• [Exercise directions]: So that the copy stays text only, transcribe the data below exactly and exclude the images.

** Source data follows **

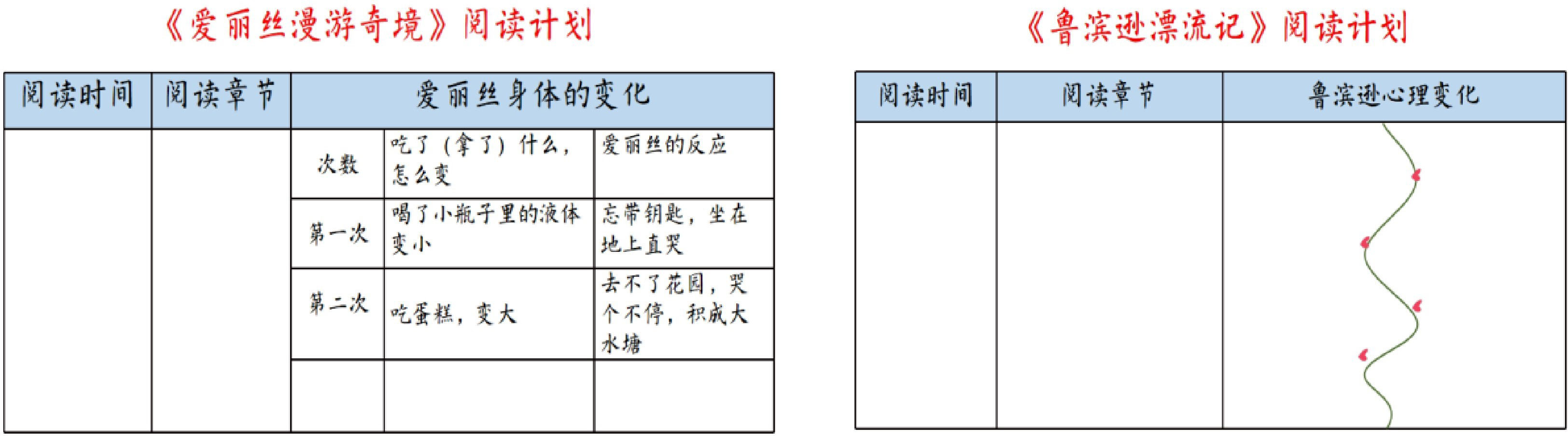 (2)出示阅读任务:圈画关键词,完善爱丽丝身体的变化以及鲁滨逊的心路历程。
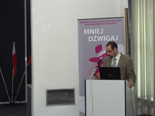 | 12.25 - 12.45 | Założenia i cele kampanii dotyczącej przeciwdziałaniu zagrożeniom mięśniowo-szkieletowym „Mniej dźwigaj” – mgr Wioletta Klimaszewska, CIOP-PIB |
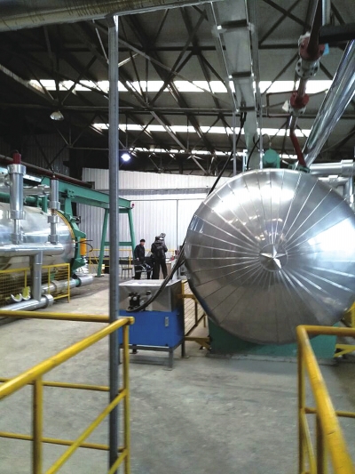 進入廠區(qū),現(xiàn)代化的廠房、辦公樓和景觀綠化,似乎和餐廚垃圾處理工廠不相符。更讓人意外的是,從設(shè)有辦公、實驗、生產(chǎn)控制中心、會議室、生產(chǎn)流程演示、產(chǎn)品成列等功能的現(xiàn)代化辦公樓出來后,走進生產(chǎn)車間,除了可見4個大型餐廚垃圾喂料口外(即餐廚垃圾運輸車傾倒口),全是大型箱體、罐體,以及各種粗細的管子相連,一道道工序?qū)崿F(xiàn)了自動化,看不見一點餐廚垃圾,這里像一座現(xiàn)代化的啤酒車間?!巴耆珜崿F(xiàn)了自動化。”

** End of Source data **

• [Written reply]:
 (2)出示阅读任务:圈画关键词,完善爱丽丝身体的变化以及鲁滨逊的心路历程。
 | 12.25 - 12.45 | Założenia i cele kampanii dotyczącej przeciwdziałaniu zagrożeniom mięśniowo-szkieletowym „Mniej dźwigaj” – mgr Wioletta Klimaszewska, CIOP-PIB |
 進入廠區(qū),現(xiàn)代化的廠房、辦公樓和景觀綠化,似乎和餐廚垃圾處理工廠不相符。更讓人意外的是,從設(shè)有辦公、實驗、生產(chǎn)控制中心、會議室、生產(chǎn)流程演示、產(chǎn)品成列等功能的現(xiàn)代化辦公樓出來后,走進生產(chǎn)車間,除了可見4個大型餐廚垃圾喂料口外(即餐廚垃圾運輸車傾倒口),全是大型箱體、罐體,以及各種粗細的管子相連,一道道工序?qū)崿F(xiàn)了自動化,看不見一點餐廚垃圾,這里像一座現(xiàn)代化的啤酒車間?!巴耆珜崿F(xiàn)了自動化。”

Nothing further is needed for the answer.